### Records shown
-*-

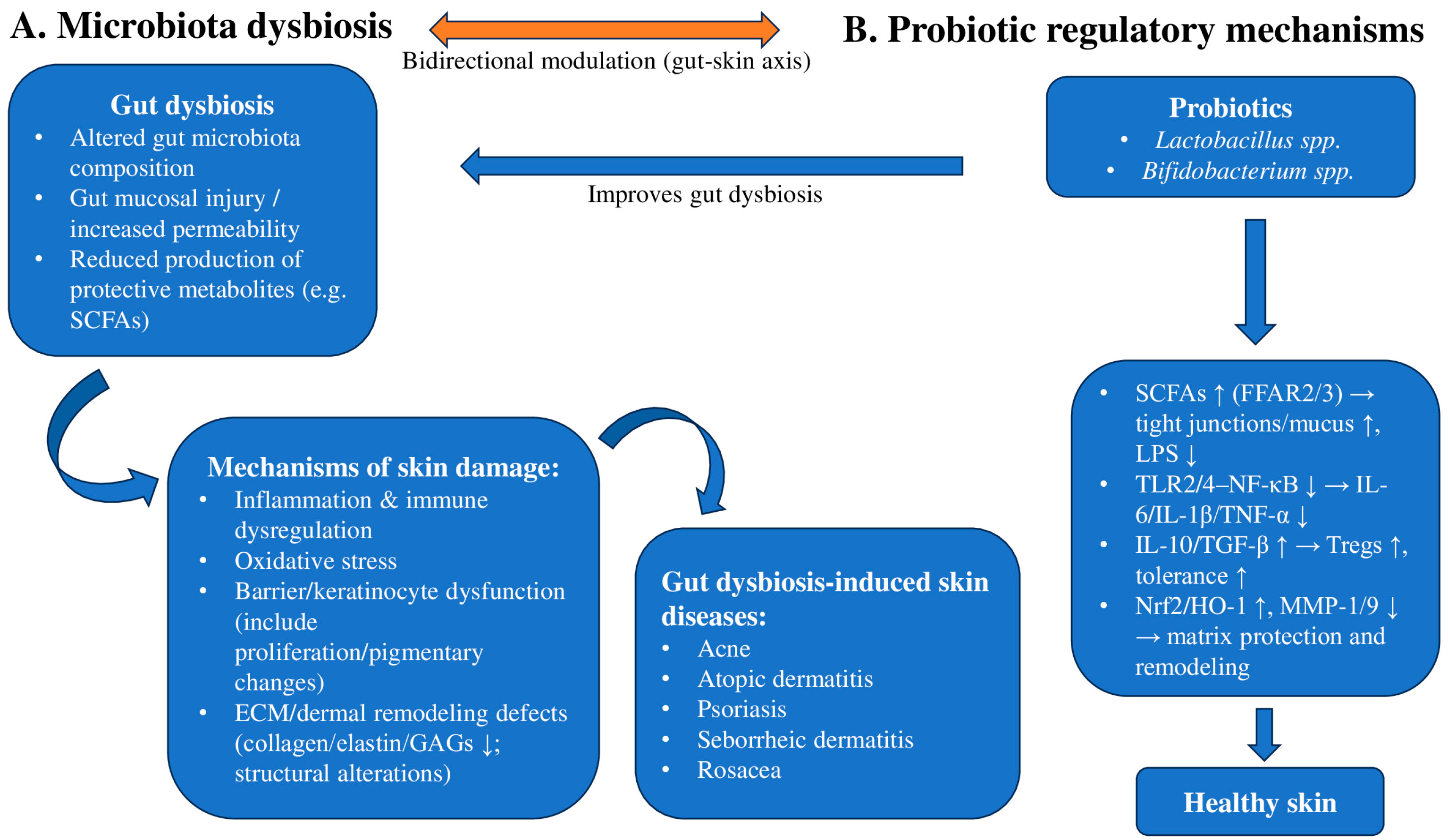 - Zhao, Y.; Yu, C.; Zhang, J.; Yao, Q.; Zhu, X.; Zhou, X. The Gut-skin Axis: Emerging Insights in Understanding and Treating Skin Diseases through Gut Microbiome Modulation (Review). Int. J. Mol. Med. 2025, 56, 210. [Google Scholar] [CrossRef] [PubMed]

-*-

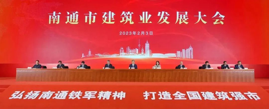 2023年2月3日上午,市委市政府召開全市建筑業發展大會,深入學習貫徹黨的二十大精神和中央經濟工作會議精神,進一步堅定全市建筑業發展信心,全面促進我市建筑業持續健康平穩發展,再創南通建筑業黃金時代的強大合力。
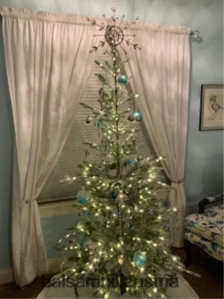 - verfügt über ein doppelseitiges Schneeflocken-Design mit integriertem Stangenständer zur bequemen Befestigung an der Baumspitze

-*-

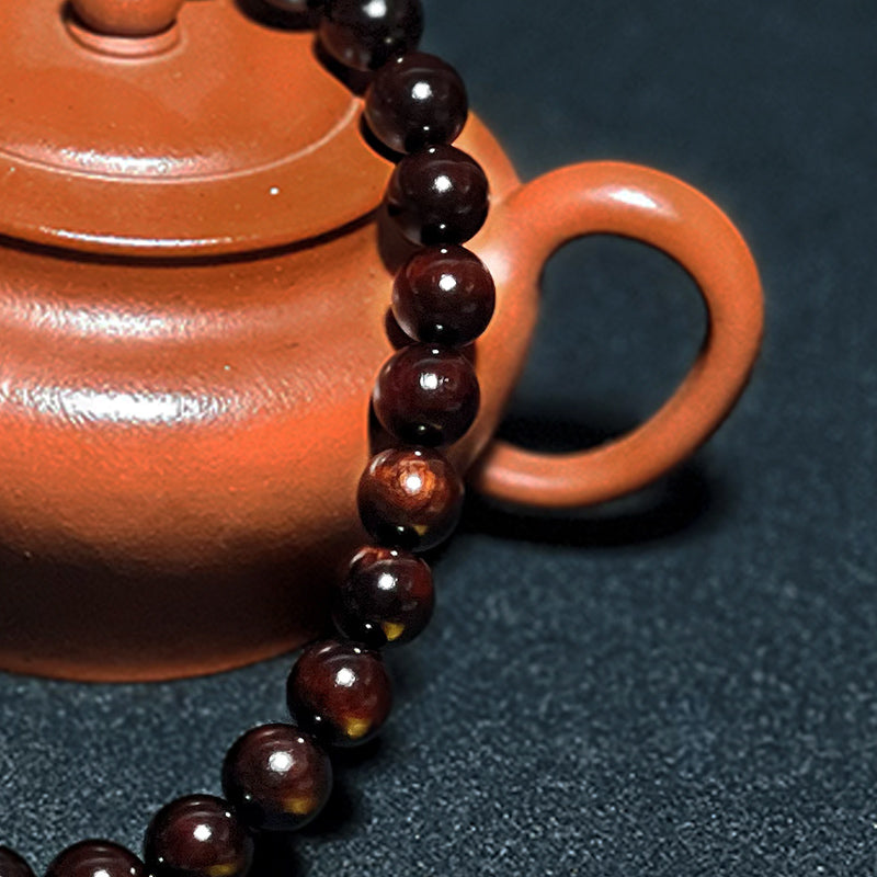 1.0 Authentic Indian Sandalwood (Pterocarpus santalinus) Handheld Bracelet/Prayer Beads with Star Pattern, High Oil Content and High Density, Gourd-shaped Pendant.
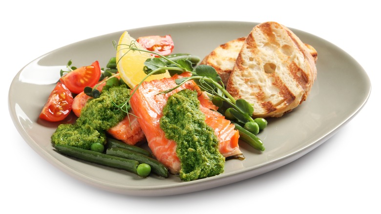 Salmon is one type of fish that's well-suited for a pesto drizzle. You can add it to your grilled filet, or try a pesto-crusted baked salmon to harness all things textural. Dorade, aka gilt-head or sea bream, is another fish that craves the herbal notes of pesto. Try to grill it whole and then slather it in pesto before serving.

-*-

Write out the lines above from the one with "2023年2月3日上午,市委" through the one with "- verfügt über", ends included, exactly; no picture goes in.

 2023年2月3日上午,市委市政府召開全市建筑業發展大會,深入學習貫徹黨的二十大精神和中央經濟工作會議精神,進一步堅定全市建筑業發展信心,全面促進我市建筑業持續健康平穩發展,再創南通建筑業黃金時代的強大合力。
 - verfügt über ein doppelseitiges Schneeflocken-Design mit integriertem Stangenständer zur bequemen Befestigung an der Baumspitze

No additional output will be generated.